───── PROVIDED RECORDS

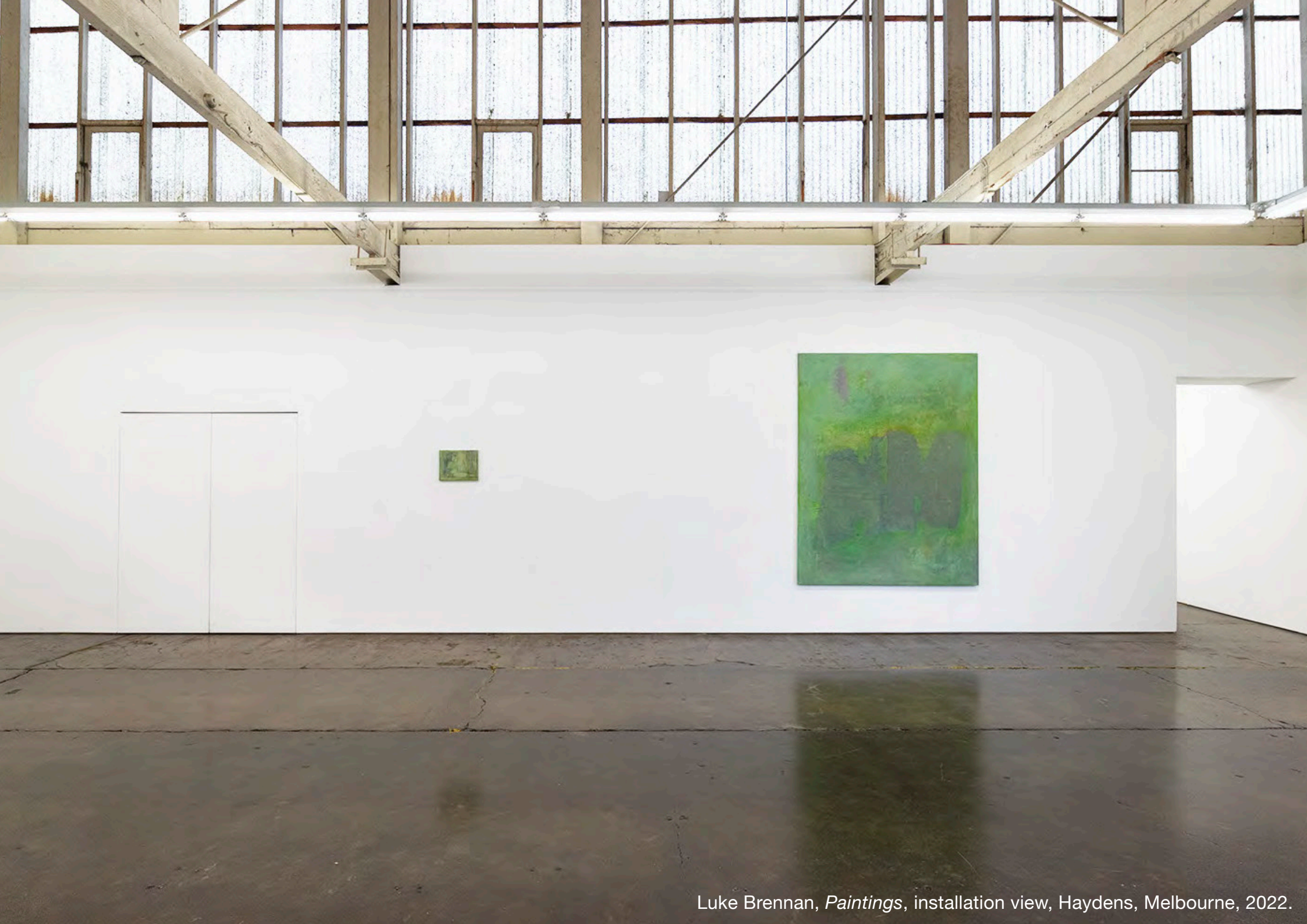
Luke Brennan, Paintings , installation view, Haydens, Melbourne, 2022.
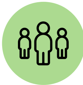
REDUCED GROUP SIZES PER AGE + CDC
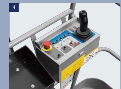
Basket control box: each action of the device can be controlled through the control box to quickly reach the working area, and the control is simple and easy to understand
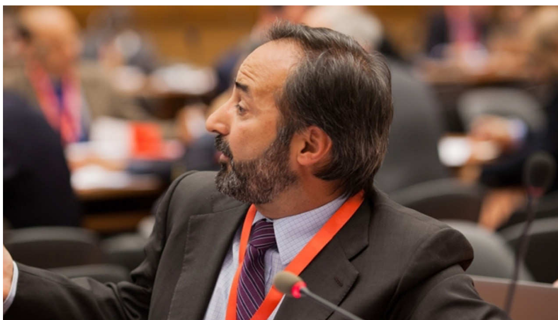
David Haeri, UN Department of Peacekeeping Operations

In the area of development, participants highlighted the need to step up efforts to monitor and evaluate the UN system's development interventions in light of the ambitiousness of the 2030 Agenda, which in turn significantly depends on better availability of data. The conference also highlighted the need for policy researchers to focus on institutional "fitness-for-purpose" questions, and to contribute to policy discussions on how the UN needs to reform the ways in which it is governed, structured, and funded to allow for better implementation of the 2030 Agenda.
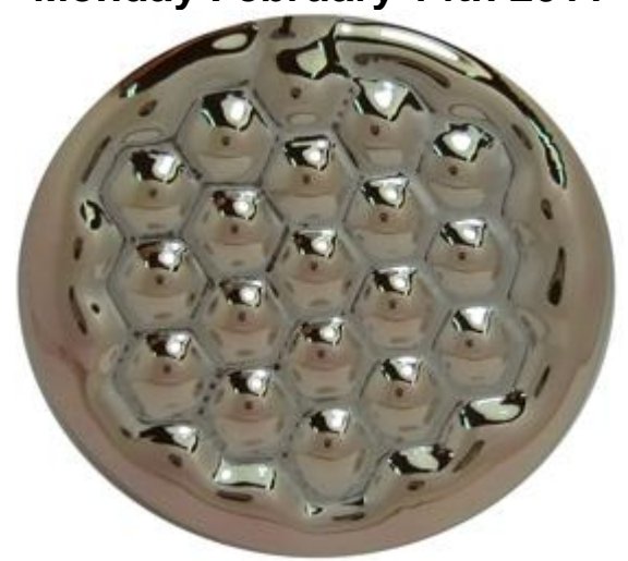
Pictured above is Helios after reduction. The texture was made with a Jim Moore hand stamp. Pictured below is Helios without reduction.
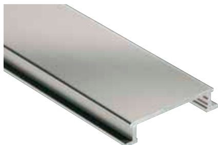
Schlüter®-DESIGNLINE-AME satin anodised (-AT)
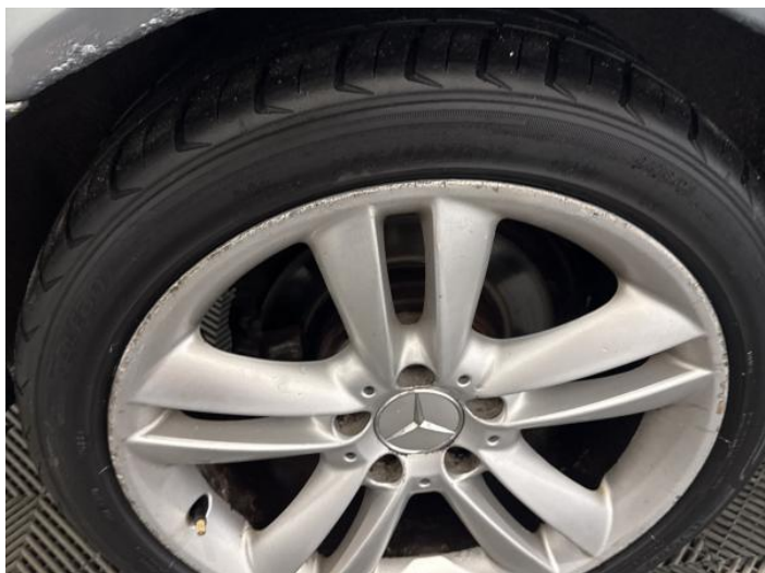
15: Wheel osr Scratched Over 50mm

──────────

PROBLEM TO WORK ON: Please retype only the lines from the line that holds "Basket control box: each" through the end of the records, exactly as they stand, and drop every picture.

ANSWER AREA:
Basket control box: each action of the device can be controlled through the control box to quickly reach the working area, and the control is simple and easy to understand
David Haeri, UN Department of Peacekeeping Operations

In the area of development, participants highlighted the need to step up efforts to monitor and evaluate the UN system's development interventions in light of the ambitiousness of the 2030 Agenda, which in turn significantly depends on better availability of data. The conference also highlighted the need for policy researchers to focus on institutional "fitness-for-purpose" questions, and to contribute to policy discussions on how the UN needs to reform the ways in which it is governed, structured, and funded to allow for better implementation of the 2030 Agenda.
Pictured above is Helios after reduction. The texture was made with a Jim Moore hand stamp. Pictured below is Helios without reduction.
Schlüter®-DESIGNLINE-AME satin anodised (-AT)
15: Wheel osr Scratched Over 50mm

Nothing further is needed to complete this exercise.